File metadata and controls

126 lines (87 loc) · 4.42 KB

Installation

Platform Support

OS Architectures Acceleration Status
GNU/Linux arm, arm64, x86_64 - Supported
GNU/Linux arm, arm64, x86_64 CUDA Supported
GNU/Linux arm, arm64, x86_64 BLAS Supported
Windows x86_64 BLAS Untested
Windows x86_64 CUDA Supported
macOS x86_64 - Supported
macOS aarch64 - Supported
macOS aarch64 Metal Supported
GNU/Linux x86_64 Vulkan Supported
Android arm, arm64, x86_64 - Supported
Android arm, arm64, x86_64 CUDA Untested
iOS / iPadOS aarch64 - Supported
iOS / iPadOS aarch64 Metal Supported (A13+ / M-series)

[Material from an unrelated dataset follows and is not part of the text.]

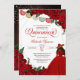 Convite de quinceanera em rosa vermelha de robi com sotaque de ouro e papel picado. Verifique o compro deste convite com meninas com diferentes cores de cabelo e tons de pele.

CUDA >= 12.2 is required for CUDA accelerated systems.

Building from Source

With Rust installed:

CPU only (no acceleration):

cargo build --release

Metal (Apple Silicon):

cargo build --release --features metal

CUDA:

cargo build --release --features cuda

If your system has multiple CUDA toolkit versions installed, set CUDA_HOME to the version supported by your driver to avoid library version mismatches:

CUDA_HOME=/usr/local/cuda-12.4 cargo build --release --features cuda

Vulkan (Steam Deck, AMD/Intel GPUs):

cargo build --release --features vulkan

CUDA on Windows:

Windows workers require an NVIDIA GPU driver and the CUDA Toolkit >= 12.2 (the installer sets CUDA_PATH automatically).

cargo build --release --features cuda

Pre-Volta NVIDIA GPUs

For Pascal, Maxwell, or other GPUs with compute capability < 7.0, the upstream candle-kernels crate requires patches. See cake-core/src/backends/cuda/compat/ for a one-command fix:

./cake-core/src/backends/cuda/compat/patch.sh
cargo build --release --features cuda

Mobile Worker App (iOS + Android)

The cake-mobile-app/ directory contains a Kotlin Multiplatform (Compose Multiplatform) worker app that runs on both iOS and Android with shared UI/logic code.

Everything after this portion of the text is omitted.